• **SOURCE MATERIAL**:
= Beginning of Section =

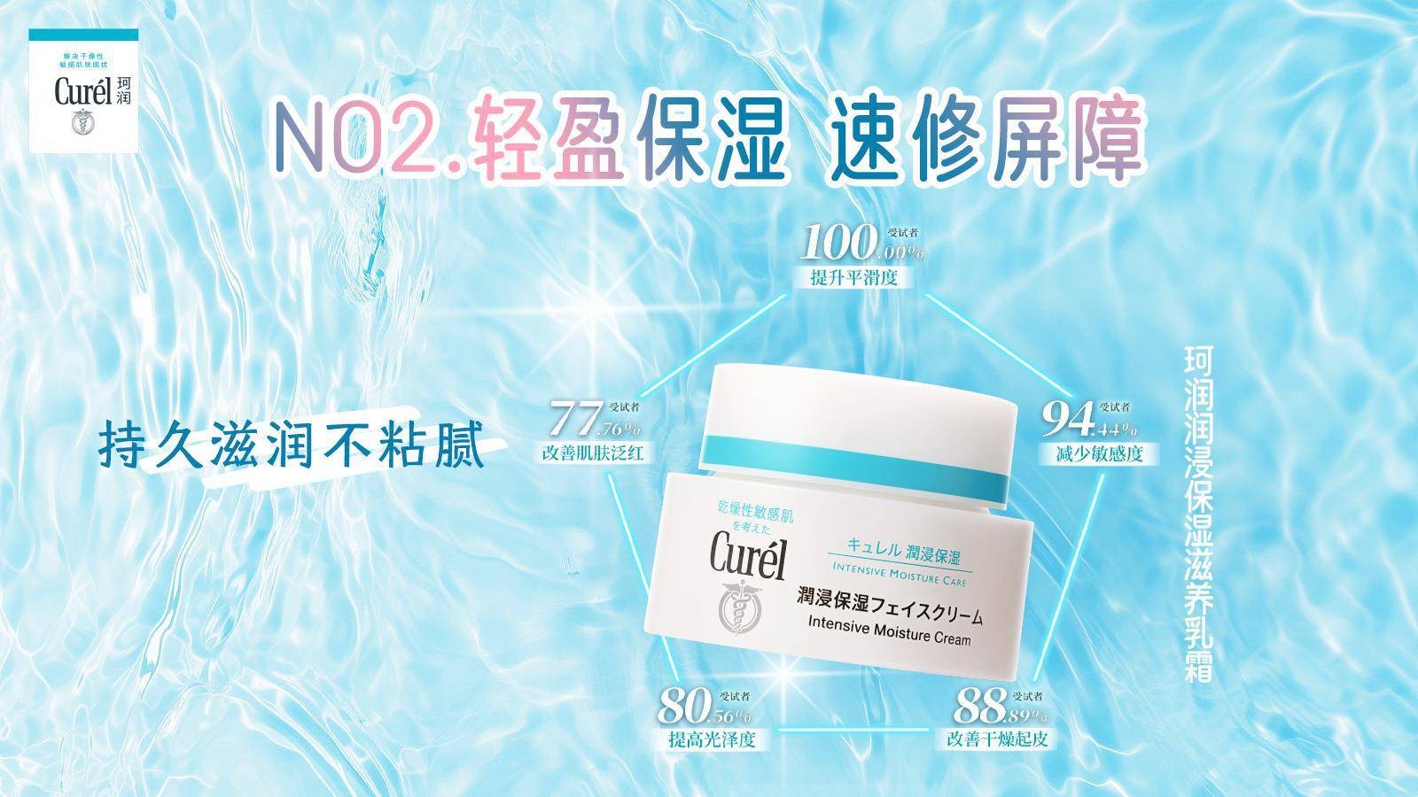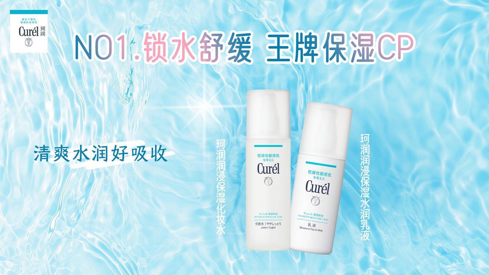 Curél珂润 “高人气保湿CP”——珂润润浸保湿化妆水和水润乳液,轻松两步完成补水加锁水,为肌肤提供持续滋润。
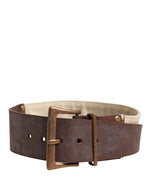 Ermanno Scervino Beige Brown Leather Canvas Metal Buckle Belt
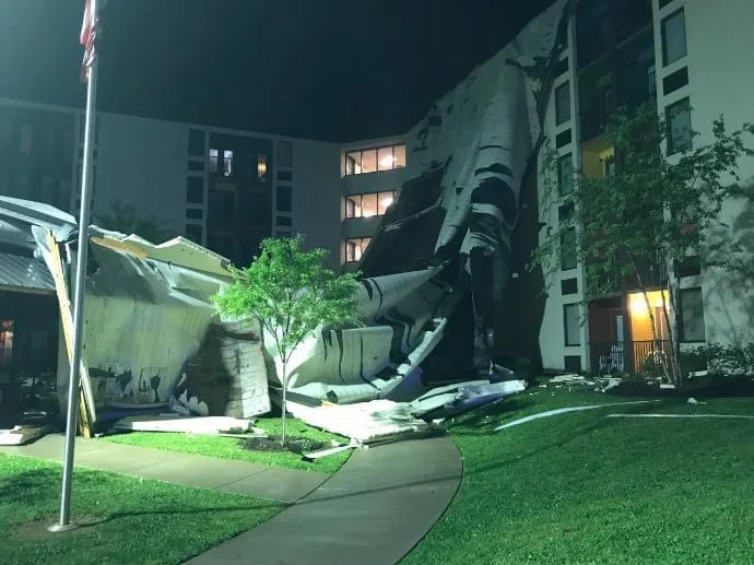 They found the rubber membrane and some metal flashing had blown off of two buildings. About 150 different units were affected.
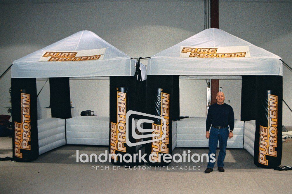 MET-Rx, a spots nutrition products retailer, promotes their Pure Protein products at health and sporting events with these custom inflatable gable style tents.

= End of Section =
= Beginning of Section =

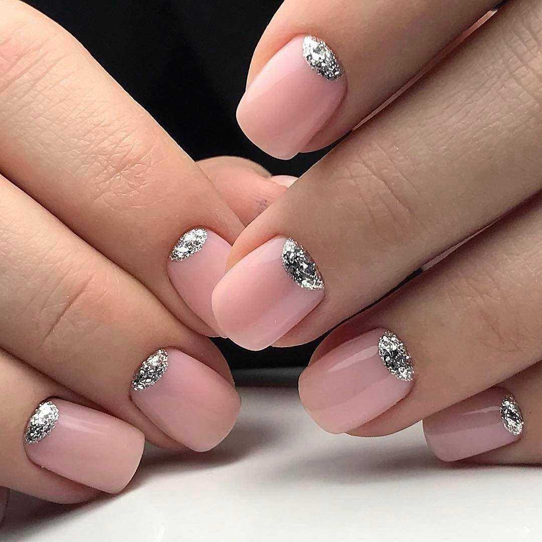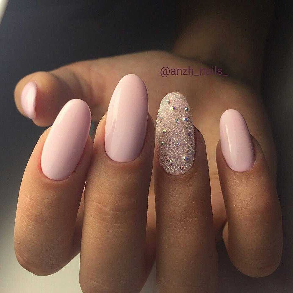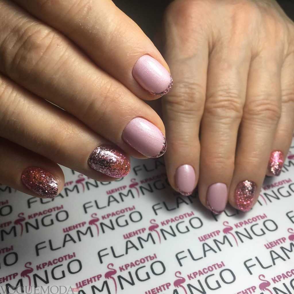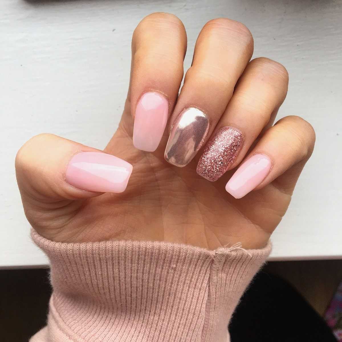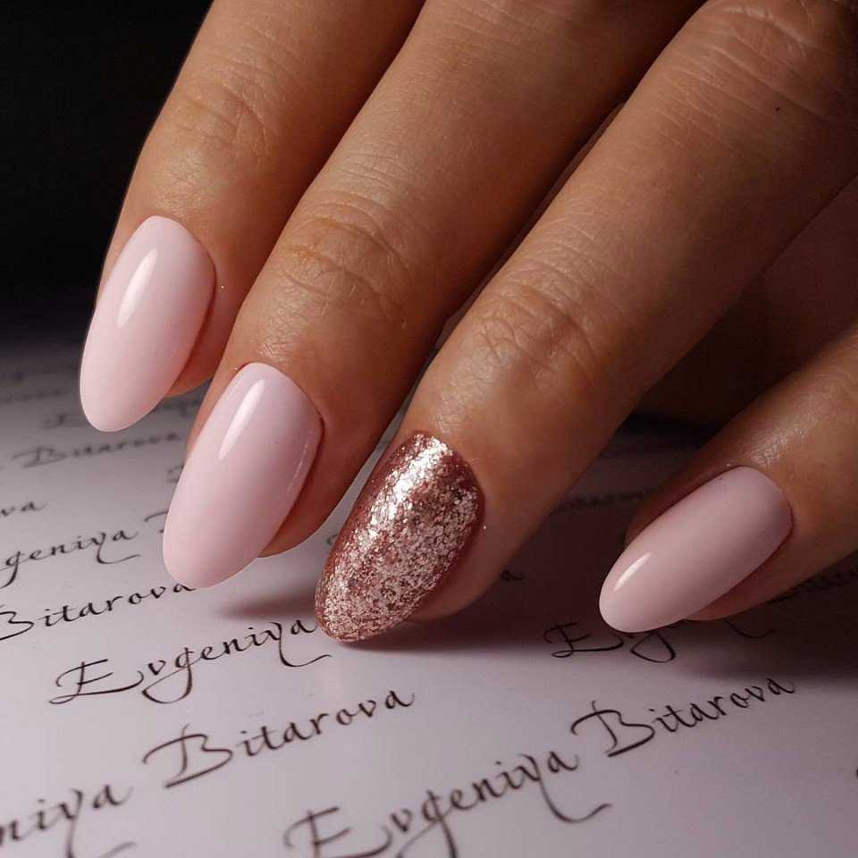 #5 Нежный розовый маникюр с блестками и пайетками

= End of Section =
= Beginning of Section =

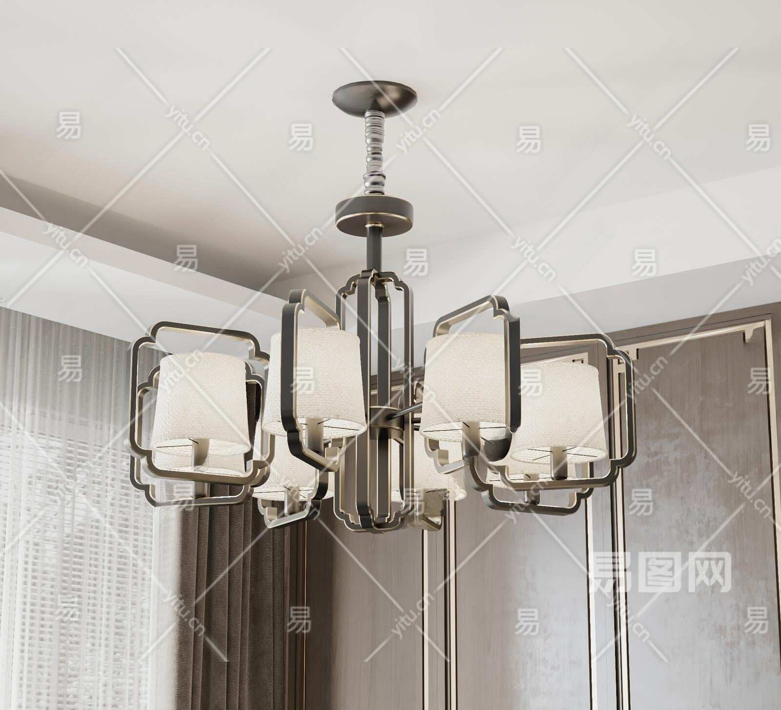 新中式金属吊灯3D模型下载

= End of Section =

• **TASK**: Go back to the listing above and reproduce, exactly, the stretch from the line bearing "They found the" through the line bearing "MET-Rx, a spots", without its pictures.

• **TASK RESULT**:
 They found the rubber membrane and some metal flashing had blown off of two buildings. About 150 different units were affected.
 MET-Rx, a spots nutrition products retailer, promotes their Pure Protein products at health and sporting events with these custom inflatable gable style tents.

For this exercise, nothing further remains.